*DATA*:
• • • •

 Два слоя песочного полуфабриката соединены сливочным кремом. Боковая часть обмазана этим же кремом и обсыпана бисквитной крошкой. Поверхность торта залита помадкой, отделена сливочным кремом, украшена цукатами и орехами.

• • • •

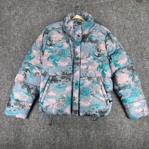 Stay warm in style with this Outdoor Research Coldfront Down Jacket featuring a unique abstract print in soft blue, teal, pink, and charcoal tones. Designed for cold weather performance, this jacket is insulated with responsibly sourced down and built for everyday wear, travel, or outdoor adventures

• • • •

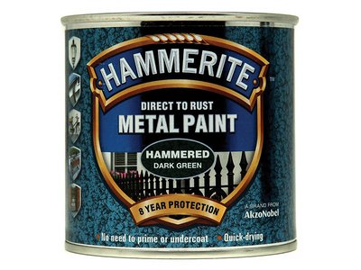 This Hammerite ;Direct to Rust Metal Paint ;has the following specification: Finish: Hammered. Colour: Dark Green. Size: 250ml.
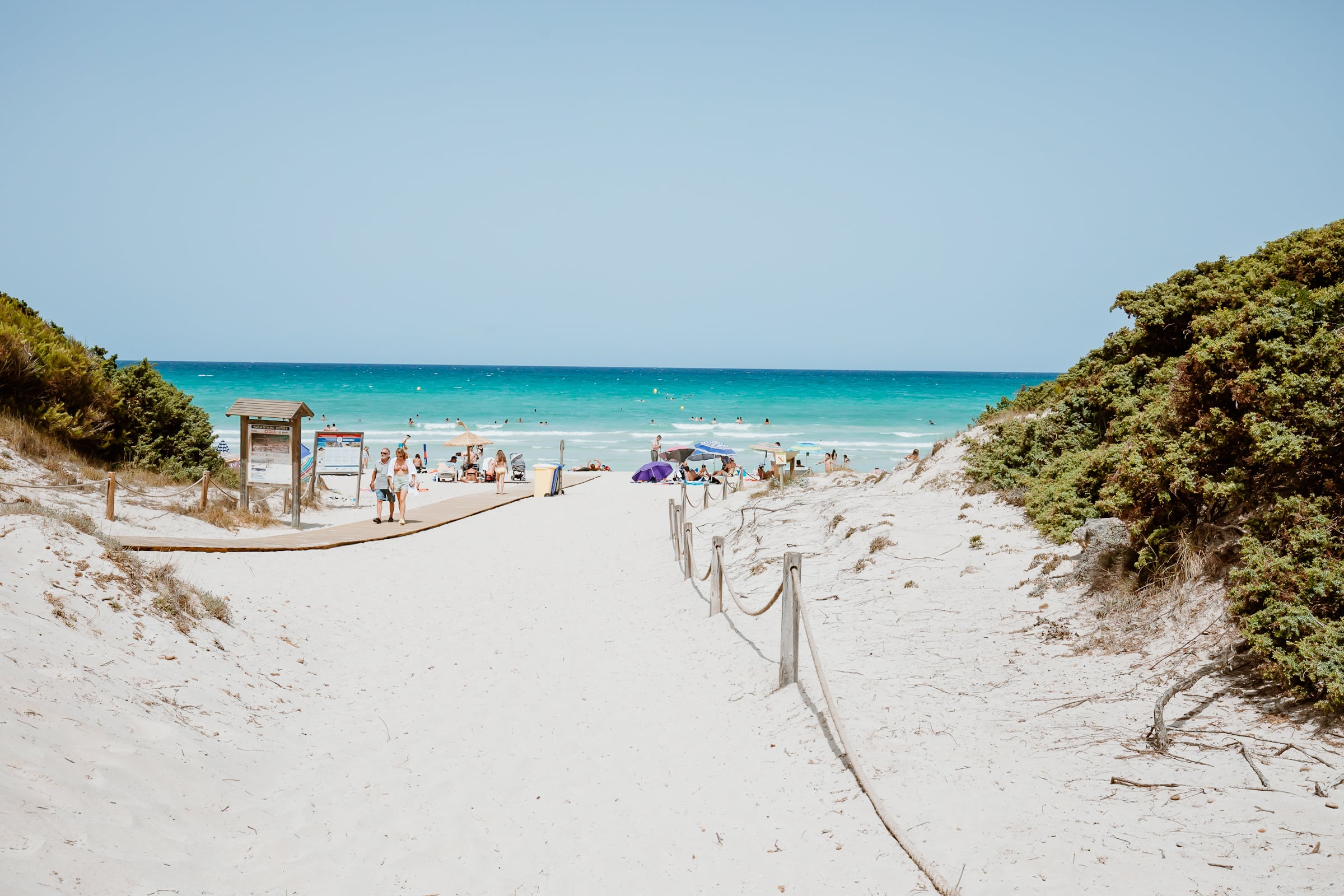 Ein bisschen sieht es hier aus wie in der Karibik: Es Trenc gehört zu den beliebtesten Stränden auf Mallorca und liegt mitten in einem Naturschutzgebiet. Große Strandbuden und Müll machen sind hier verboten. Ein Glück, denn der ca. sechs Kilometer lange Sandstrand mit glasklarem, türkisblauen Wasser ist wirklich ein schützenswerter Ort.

• • • •

*TASK REQUIREMENTS*: Give exactly the lines above that run from the line with "This Hammerite ;Direct" to the line with "Ein bisschen sieht", both included, leaving every picture out.

*RESULT OF THIS TASK*:
 This Hammerite ;Direct to Rust Metal Paint ;has the following specification: Finish: Hammered. Colour: Dark Green. Size: 250ml.
 Ein bisschen sieht es hier aus wie in der Karibik: Es Trenc gehört zu den beliebtesten Stränden auf Mallorca und liegt mitten in einem Naturschutzgebiet. Große Strandbuden und Müll machen sind hier verboten. Ein Glück, denn der ca. sechs Kilometer lange Sandstrand mit glasklarem, türkisblauen Wasser ist wirklich ein schützenswerter Ort.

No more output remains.